I attended the ARC Forum in Orlando Florida. The title of the forum is “The Digital Enterprise,” but it’s mostly about what’s going on with automation security. I’ve attended a number of talks and panel discussions and am dismayed by a lot of what I am hearing. I’ve put together a list (in random order) of the kinds of things I’ve heard so far.
Note 1: There seems to be a rush of companies jumping at the opportunity to cash in on the security fears of automation companies. There are myriad solutions. Lots of claims. None that are verifiable. Everybody says they’re the ones that can solve your security concern.
Note 2: Marty Williams from Homeland Security made a point I really liked. It was very simple and in today’s world, simplicity is not seen as a virtue. Marty told automation companies to evaluate their core processes, pick the one that is the most critical to life safety, the economic vitality of the plant, or most difficult to replace, and take it offline. Yes, completely disconnect it from the Internet and business networks. Essentially, hide it. Use a sneaker-net transfer of data in one direction only. His reasoning is that nothing can really be protected. If there is a well-funded organization or a nation-state that desires to penetrate your process, they will do so. They will use your people, your suppliers, your systems, or your technology against you in some fashion and they will succeed. You can’t stop them. You have to take the most critical pieces of your process offline. And that’s from Homeland Security!
Note 3: We haven’t really accomplished anything in the last ten years in our security efforts. We’ve succeeded in connecting everything. We’ve eliminated all the islands of automation but we haven’t made the equivalent progress in making anything more secure. Partly because of the problem I alluded to in the last note, but also because we just haven’t focused on it. We haven’t trained people well. We are implementing weak security measures and vastly overestimating their effectiveness. Our efforts as an industry are weak and ineffective.

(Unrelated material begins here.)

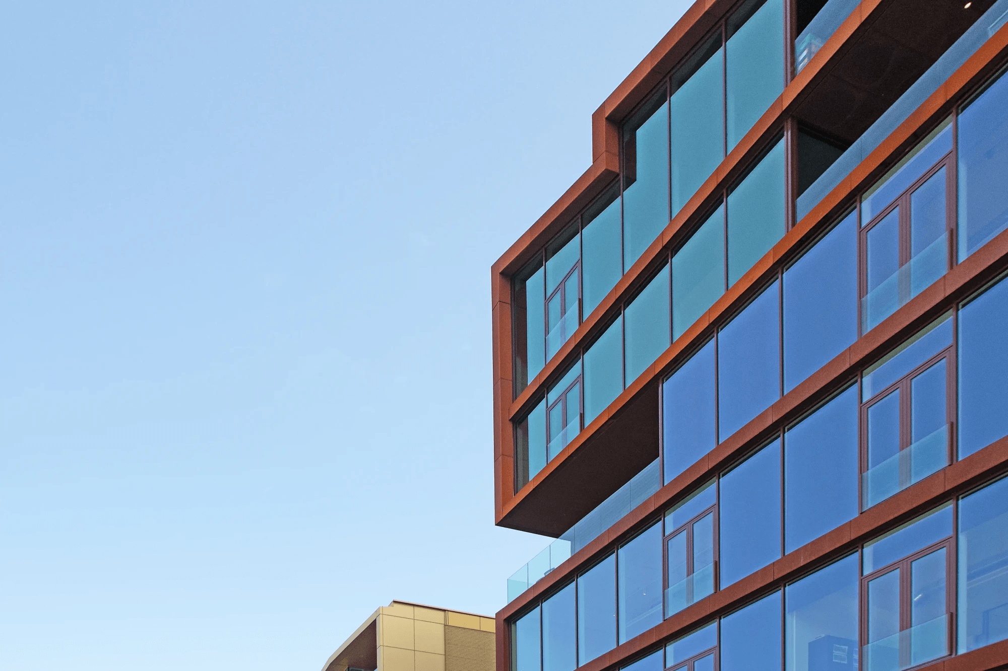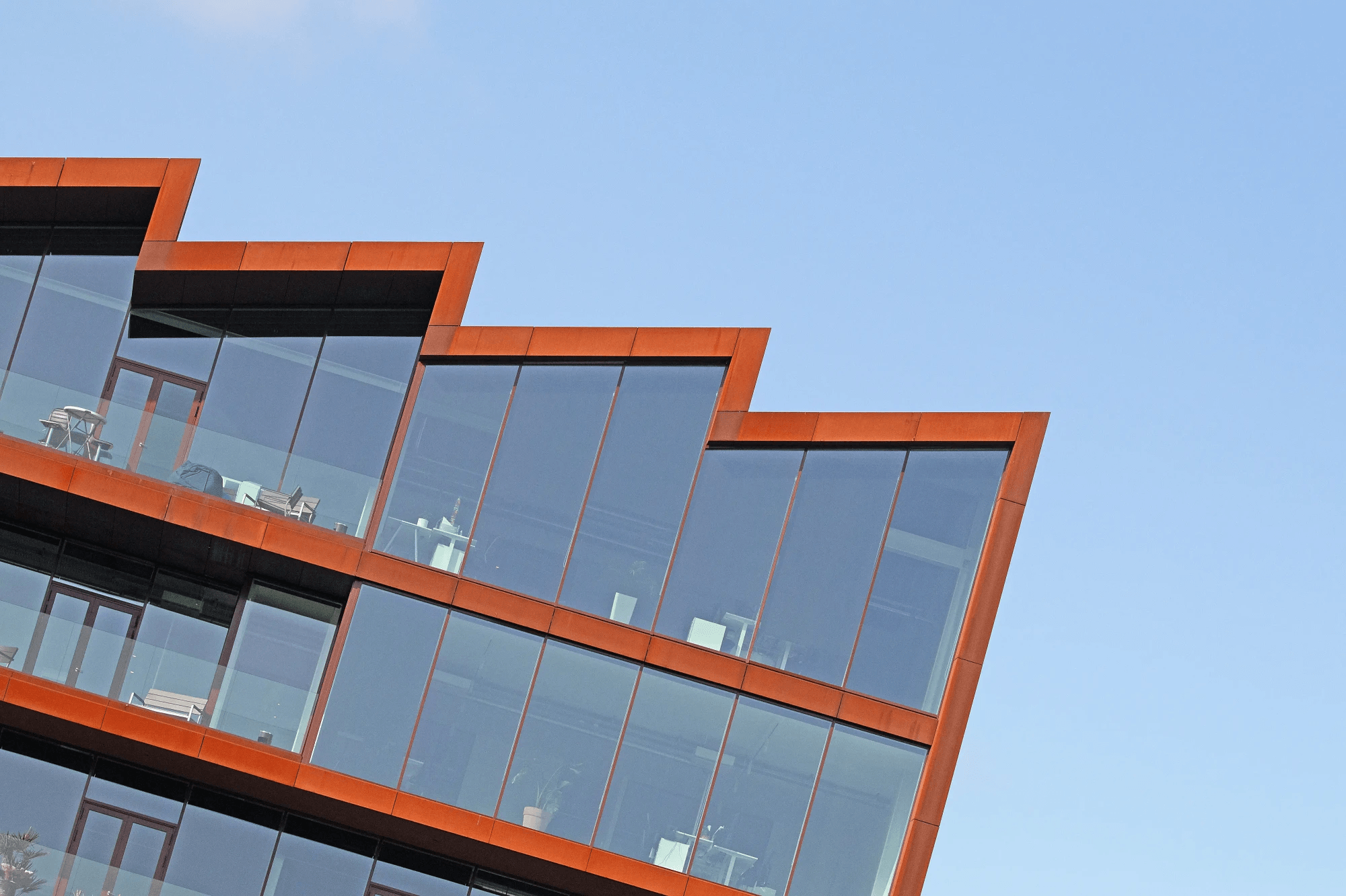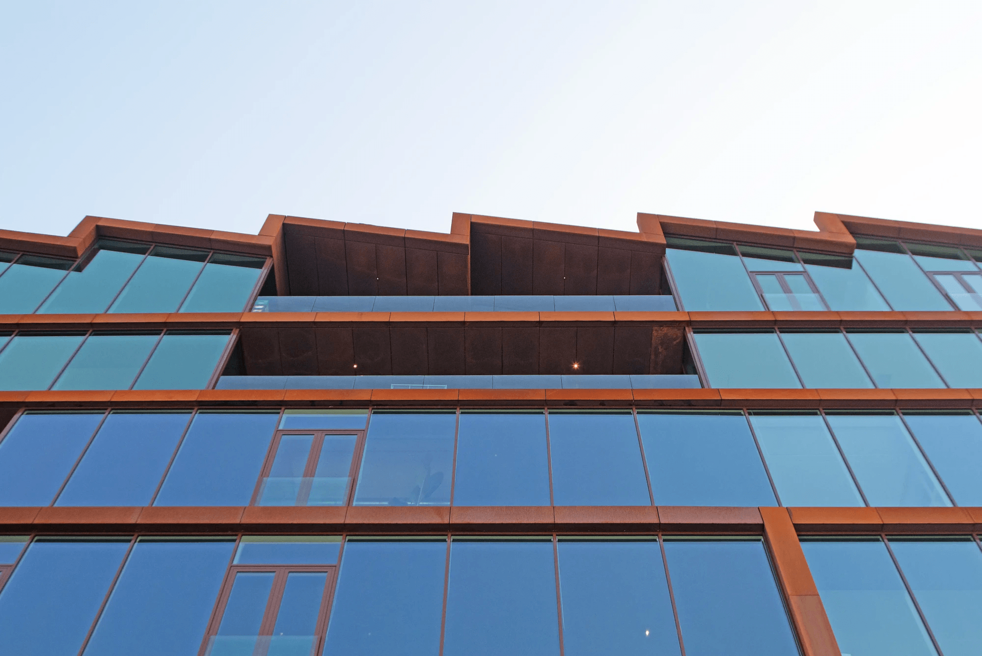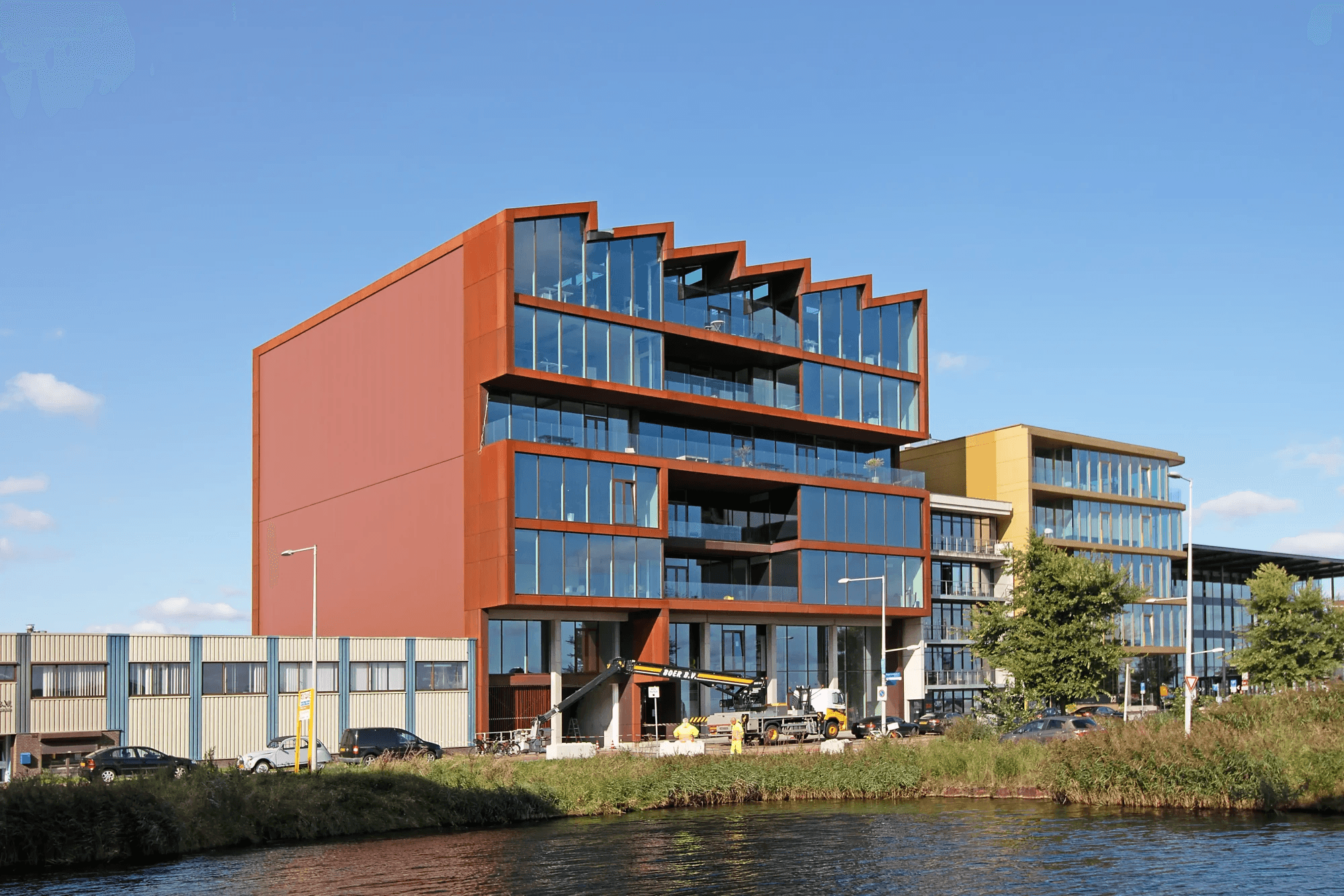Het nieuwe kantoorpand van Dedato (Danzigerkade 2) is helemaal klaar voor de herfst. Door de cortenstalen gevelbekleding heeft het gebouw een stoere en roestige look. Hierdoor wordt het gebouw een échte blikvanger. Danzigerkade wordt een leuke, kleurrijke straat. Naast dit cortenstalen eyecatcher staat namelijk ook een goudkleurig pand met aluminium gevelbekleding, ook gerealiseerd door VPT.

Note 4: One of the attendees made the most intelligent remark that I heard. He said the problem with the automation industry is that we haven’t built security into the architecture. He mentioned Bitcoin and the Blockchain concept. When the original designers began thinking about Bitcoin, they thought long and hard about how to incorporate security into it. They had to. You can’t have a digital currency that isn’t secure. They developed the Blockchain infrastructure where all the transactions build upon one another. When I send Emily five Bitcoins, the block recording that transaction is locked in using the hash result from a hash of all previous transactions. Emily, as deceitful as she is, can’t change that five Bitcoin transaction to 500 Bitcoins without changing all the previous transactions. And, since that Blockchain is duplicated on thousands of machines, she would have to have massive computing power in order to change all the Blockchains on every computer all over the world.